Commodities tracked by the Standard & Poor’s GSCI Spot Index are down 0.4 percent this year, led by declines in coffee, cotton and sugar. The gauge nearly doubled in the three years to 2011 as central banks and governments around the world took action to boost their economies hurt by the global financial crisis in 2008. Morgan Stanley joins Goldman Sachs Group Inc. in predicting the so-called super-cycle isn’t over.
“Higher prices in recent years have brought both a supply and demand response, bringing many to call for the end” of the super-cycle, the analysts wrote. “We view this as too simplistic. Commodities are cyclical, but the elasticity of supply and demand, as well as the length of the cycle, vary significantly across the complex.”
Goldman reiterated yesterday its “overweight” call on commodities, forecasting that prices will return 7 percent in 12 months, Jeffrey Currie, the head of commodity research, wrote in a report. Citigroup Inc. believes the super-cycle has ended, according to Edward L. Morse, the global head of commodities research, on Nov. 19.
“With commodity supply constraints easing, Chinese growth slowing and producer company returns normalizing,” it is tempting to say the super-cycle is over, Currie wrote. “Current developments are simply the next phase of a commodity investment cycle that began in the late 1990s. We therefore view the current transition as a renaissance rather than an end.”
Goldman, backing crude, corn and copper, expects gold to peak in 2013 on a recovery in the U.S. economy. In contrast, Morgan Stanley is calling for higher gold prices on low nominal and negative real interest rates, geopolitical risk in the Middle East, mine issues and more central-bank buying.
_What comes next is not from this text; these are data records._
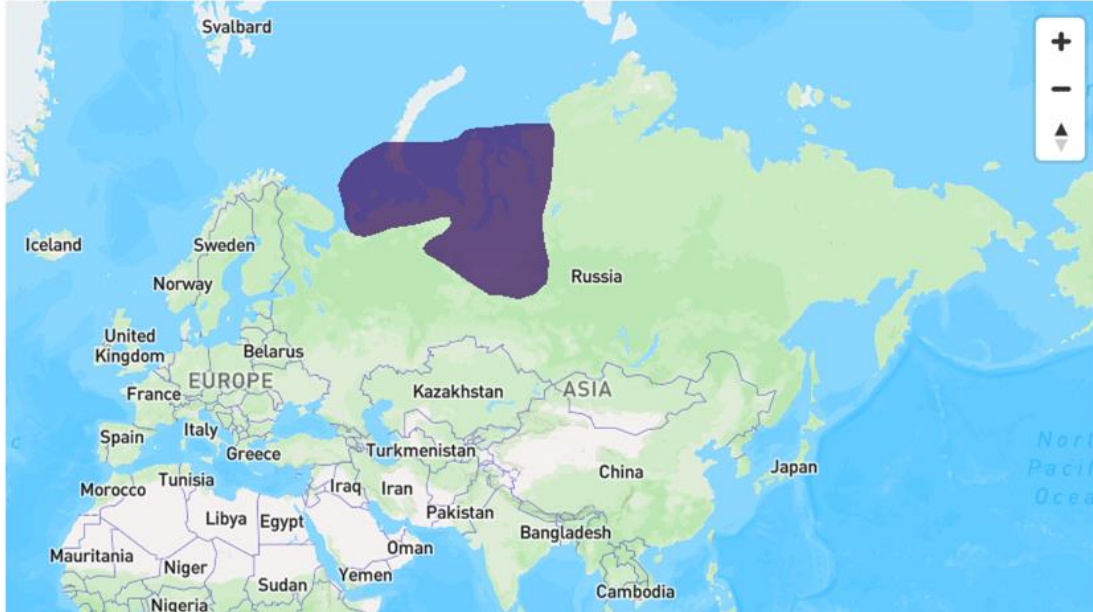
Total territory of where the Nenets live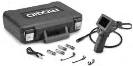
Figure 1 – micro CA-25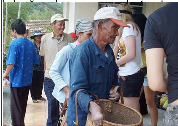
Fig. 11: A patient awaiting his gift from UCOV.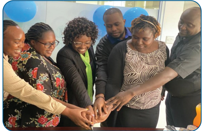
Cake Cutting at Institute of Internal Auditors Kenya - IIA Kenya in celebrating the Internal Audit Month. Internal Auditing adds Value by providing assurance, insight, and objectivity.

Celebrating the internal Audit month at the KQ Offices. Internal auditing is an independent evaluation of an organization's internal controls to help manage risks and achieve objectives.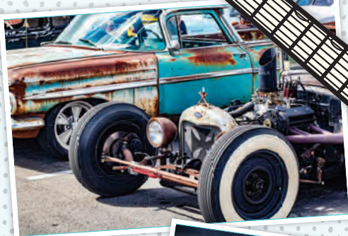
Rockabillaque offers more than music, with car shows and dress up competitions.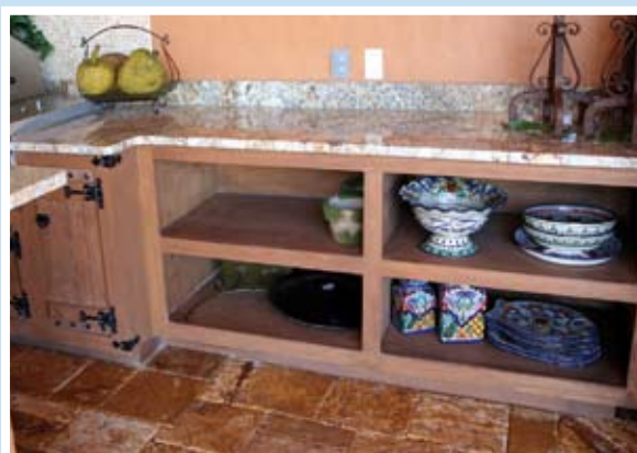
Using open shelves, removing cupboard doors or putting photographs on the outside to show what they contain can help in the kitchen.

Use a cup rather than a mug for drinking if this is what the person used when they were younger. Food needs to be appropriate for a person who has poor short term memory but maintains some long term memory. In earlier years they may not have eaten potato wedges for example, so will not recognise this kind of food now. Appliances must be meaningful, for example a person with dementia may not recognise pop up toasters, cookers, microwaves, or jug style kettles.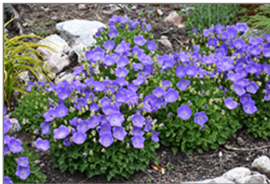
Rapido Blue Bellflower in bloom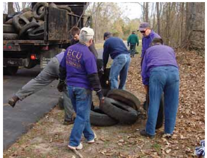
Volunteers found many tires along the greenway.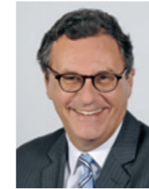
Hans-Joachim Otto Parliamentary State Secretary, Federal Ministry of Economics and Technology

A member of the German Bundestag, Hans-Joachim Otto was named parliamentary state secretary in the Federal Ministry of Economics and Technology in October 2009. He is a member of the FDP Federal Executive Committee and was the spokesperson for the FDP parliamentary group from 1998 to 2005. He subsequently served as chairman of the Bundestag Committee on Cultural and Media Affairs until 2009. In March 2010, Otto was also named the Federal Government Coordinator for the Maritime Industry.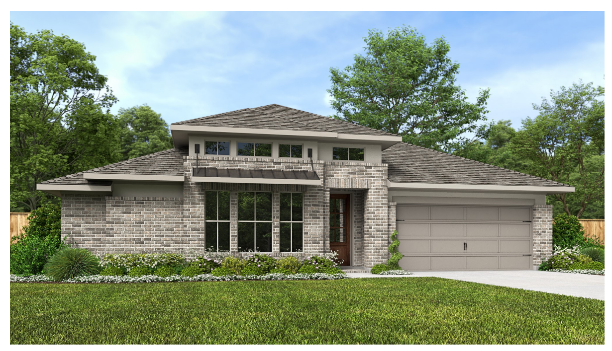
DESIGN 2916P E-1

Gold, up 8.1 percent in 2012, is rallying for a 12th year as central banks join investors buying bullion to diversify assets. South Korea and Russia are among those adding to gold reserves this year. Holdings in exchange-traded products are at a record, data compiled by Bloomberg show.
Morgan Stanley also expects higher corn and soybean prices on the potential for lower supplies from South America. Rains and flooding have impeded the pace of planting of Argentine grains while dry weather in Brazilian is threatening beans.